• _Task item_: The required output is the stretch from the line containing "NVMe reader adopts" through the line containing "- 250828 ヤリスMT 1.5年点検+透明遮熱フィルム施工見積り" in the records below, unaltered and with no pictures.

• _Data supplied_:
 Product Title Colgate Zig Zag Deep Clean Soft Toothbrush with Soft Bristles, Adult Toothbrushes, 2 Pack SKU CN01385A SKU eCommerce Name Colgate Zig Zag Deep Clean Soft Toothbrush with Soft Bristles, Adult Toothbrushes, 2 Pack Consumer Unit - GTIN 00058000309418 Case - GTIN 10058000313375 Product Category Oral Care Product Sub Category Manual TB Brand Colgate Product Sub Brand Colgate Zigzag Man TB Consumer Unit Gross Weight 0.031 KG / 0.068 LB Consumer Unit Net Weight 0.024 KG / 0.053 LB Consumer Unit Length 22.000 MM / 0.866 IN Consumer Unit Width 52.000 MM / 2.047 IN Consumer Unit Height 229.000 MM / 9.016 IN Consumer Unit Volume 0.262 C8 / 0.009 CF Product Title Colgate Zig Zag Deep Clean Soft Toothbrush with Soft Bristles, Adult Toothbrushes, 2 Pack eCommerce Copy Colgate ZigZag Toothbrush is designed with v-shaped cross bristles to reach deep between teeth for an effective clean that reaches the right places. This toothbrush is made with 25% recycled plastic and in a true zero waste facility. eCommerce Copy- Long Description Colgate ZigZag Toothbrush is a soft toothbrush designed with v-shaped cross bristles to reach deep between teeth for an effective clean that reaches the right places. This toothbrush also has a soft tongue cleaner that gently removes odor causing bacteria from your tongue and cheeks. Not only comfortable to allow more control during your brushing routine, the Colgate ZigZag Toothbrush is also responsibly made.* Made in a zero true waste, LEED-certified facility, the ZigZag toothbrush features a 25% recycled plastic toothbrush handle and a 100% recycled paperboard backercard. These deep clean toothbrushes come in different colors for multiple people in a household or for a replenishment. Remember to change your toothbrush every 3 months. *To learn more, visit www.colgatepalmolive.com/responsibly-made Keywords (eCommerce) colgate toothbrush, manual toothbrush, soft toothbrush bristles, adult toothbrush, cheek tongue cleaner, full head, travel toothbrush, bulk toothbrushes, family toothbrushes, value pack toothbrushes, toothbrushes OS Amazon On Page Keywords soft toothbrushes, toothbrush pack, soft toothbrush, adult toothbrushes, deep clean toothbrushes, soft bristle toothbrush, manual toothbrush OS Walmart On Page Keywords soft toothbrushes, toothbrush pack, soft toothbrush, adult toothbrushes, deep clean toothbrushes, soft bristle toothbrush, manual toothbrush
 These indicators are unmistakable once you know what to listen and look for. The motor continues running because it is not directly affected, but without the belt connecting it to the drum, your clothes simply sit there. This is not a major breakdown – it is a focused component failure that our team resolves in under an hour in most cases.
--
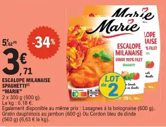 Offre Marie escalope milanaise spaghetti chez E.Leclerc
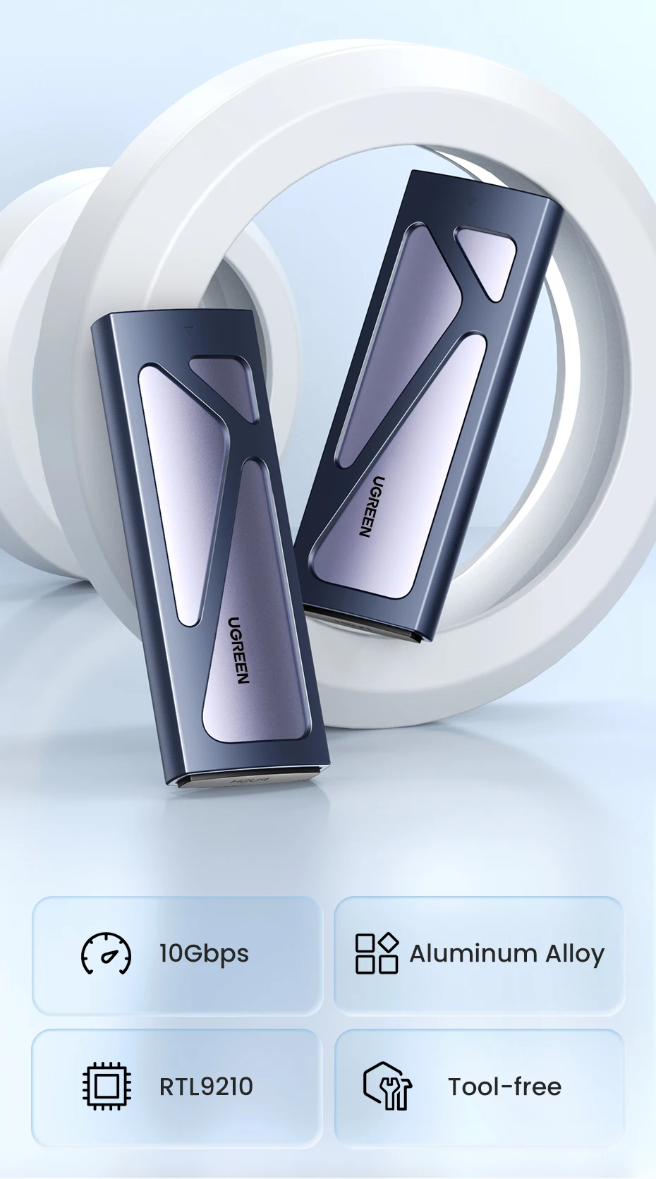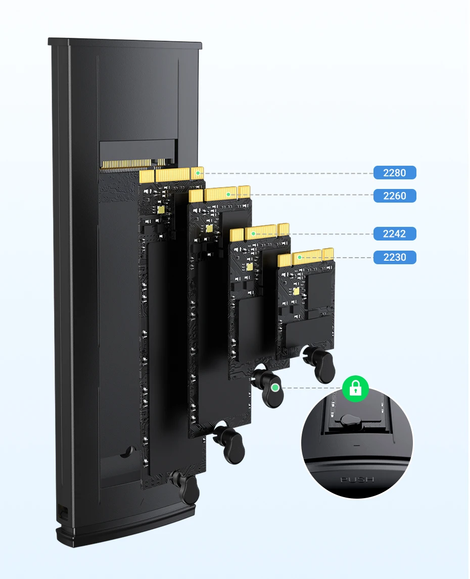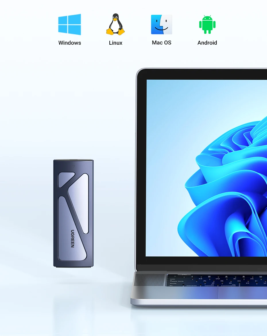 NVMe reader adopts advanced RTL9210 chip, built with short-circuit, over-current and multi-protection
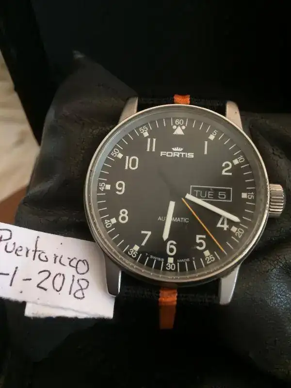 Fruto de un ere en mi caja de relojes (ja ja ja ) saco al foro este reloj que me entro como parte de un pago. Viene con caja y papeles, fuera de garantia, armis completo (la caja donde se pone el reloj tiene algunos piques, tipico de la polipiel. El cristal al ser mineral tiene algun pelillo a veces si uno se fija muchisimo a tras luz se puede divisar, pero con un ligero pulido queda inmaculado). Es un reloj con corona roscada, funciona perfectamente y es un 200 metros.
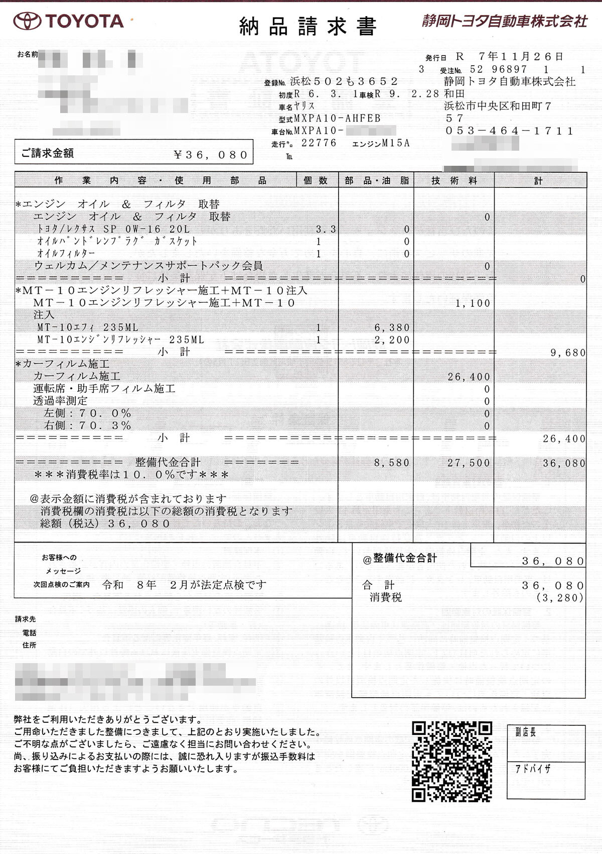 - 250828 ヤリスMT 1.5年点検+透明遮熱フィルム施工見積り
--
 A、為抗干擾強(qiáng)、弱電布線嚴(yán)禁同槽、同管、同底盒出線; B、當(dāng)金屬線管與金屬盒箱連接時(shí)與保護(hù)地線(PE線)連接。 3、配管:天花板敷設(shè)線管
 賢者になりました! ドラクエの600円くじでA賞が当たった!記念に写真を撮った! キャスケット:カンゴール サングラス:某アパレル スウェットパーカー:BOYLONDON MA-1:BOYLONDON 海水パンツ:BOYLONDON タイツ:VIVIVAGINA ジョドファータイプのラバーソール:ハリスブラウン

• _Response to this exercise_:
 NVMe reader adopts advanced RTL9210 chip, built with short-circuit, over-current and multi-protection
 Fruto de un ere en mi caja de relojes (ja ja ja ) saco al foro este reloj que me entro como parte de un pago. Viene con caja y papeles, fuera de garantia, armis completo (la caja donde se pone el reloj tiene algunos piques, tipico de la polipiel. El cristal al ser mineral tiene algun pelillo a veces si uno se fija muchisimo a tras luz se puede divisar, pero con un ligero pulido queda inmaculado). Es un reloj con corona roscada, funciona perfectamente y es un 200 metros.
 - 250828 ヤリスMT 1.5年点検+透明遮熱フィルム施工見積り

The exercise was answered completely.